To further investigate the role of SPRY4 in the tumorigenesis of GISTs in vivo, we injected lentivirus expressing SPRY4 siRNA into mice carrying germline KIT/V558A mutation, which is identical as human KIT/V559A mutation in familial GISTs [25], in order to knock down the expression of SPRY4. The results showed that injection of lentivirus expressing SPRY4 siRNA increased the tumor growth (Fig. 3E), suggesting that SPRY4 can inhibit the tumorigenesis of GISTs in vivo. In addition, imatinib treatment dramatically inhibited the tumor growth regardless of SPRY4 expression (Fig. 3E). Western blot analysis of tumor samples showed that knockdown of SPRY4 expression increased KIT expression, while inhibition of KIT activation by imatinib inhibited SPRY4 expression (Fig. 3F). These findings are consistent with the results in vitro, further suggesting that SPRY4 may serve as a negative feedback regulator of KIT in GISTs.
SPRY4 increases the sensitivity of primary KIT mutants to imatinib
Imatinib is the first-line targeted therapy for GISTs and has dramatically improved treatment outcomes [5, 7]. In this study, we investigated whether SPRY4 can regulate the response of GISTs to imatinib due to its important role in the regulation of the activation of KIT and downstream signaling. We treated Ba/F3 cells expressing KIT with various concentrations of imatinib and found that the presence of SPRY4 increased the inhibition of imatinib on the activation of both wild-type KIT and primary KIT mutants. Examination of the activation of downstream molecules ERK and AKT showed similar results (Fig. 4A). In the cell survival assay, the presence of SPRY4 further inhibited the survival of Ba/F3 cells expressing primary KIT mutants, but not wild-type KIT in addition to the inhibition by imatinib (Fig. 4B). Similarly, the inhibition of cell cycle progression and proliferation of Ba/F3 cells expressing both wild-type KIT and KIT mutants by imatinib was even stronger in the presence of SPRY4 (Fig. 4C, D). These results suggest that SPRY4 can increase the sensitivity of primary KIT mutants to imatinib.
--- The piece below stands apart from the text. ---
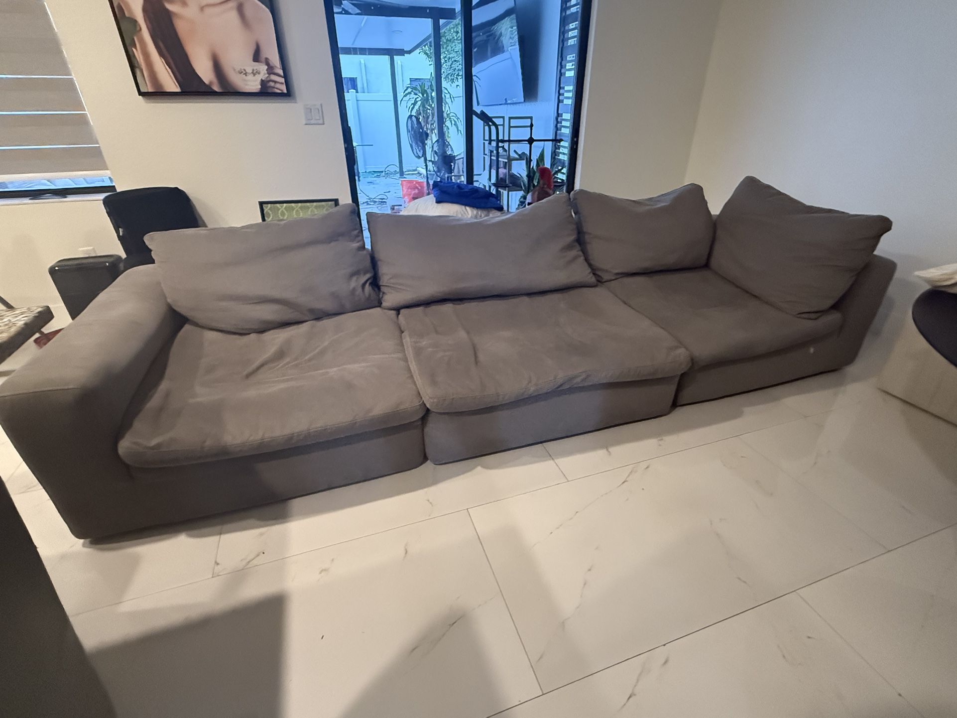 Super comfy City Furniture Nixon modular sofa, about 5 years old. Can be set up straight (133”) or in an L-shape. Right arm has a slouch from usage. • Modular pieces • Each piece approx. 44” W x 44” D • Feather-filled cushions – Cloud-style comfort • Cushions can be refilled to make fluffier • Neutral gray color Comfortable, deep seating and great for lounging. Pickup only.

The expression and activation of secondary KIT mutants are not altered by SPRY4
The application of targeted therapy against KIT in the clinic has dramatically improved the survival of GIST patients. However, gaining drug-resistant secondary mutation of KIT or activation of alternative signaling pathways can lead to treatment failure [11,12,13,14,15,16]. To investigate whether SPRY4 can inhibit secondary mutations of KIT, Ba/F3 cells expressing the commonly occurred secondary mutations of KIT with or without SPRY4 were established. Since the secondary mutations of KIT occur in the same chromosome as the primary KIT mutation [11, 12, 26], therefore KIT carries both primary mutation and secondary mutation of KIT when the latter mutation occurs. Examination of KIT expression showed that the expression of the often-occurred secondary KIT mutants W557K558del/V654A and W557K558del/N822K was not affected by SPRY4 (Fig. 5A), in contrast to the inhibited expression of wild-type KIT and primary KIT mutants by SPRY4 (Fig. 1C). When stimulated by SCF for an extended period to mimic the in vivo situation where GISTs express SCF which can activate KIT constitutively by autocrine or paracrine loop, the reduction of the expression of secondary KIT mutants showed no difference in the presence or absence of SPRY4 (Fig. 5B). Similar to the regulation of KIT expression by SPRY4, the activation of secondary KIT mutants and downstream signaling molecules ERK and AKT was not changed by SPRY4 although SPRY4 associates with secondary mutations of KIT (Fig. 5C). These findings suggest that the secondary KIT mutants were resistant to the inhibition of SPRY4, in contrast to the inhibition of the activation of wild-type KIT and primary KIT mutants by SPRY4.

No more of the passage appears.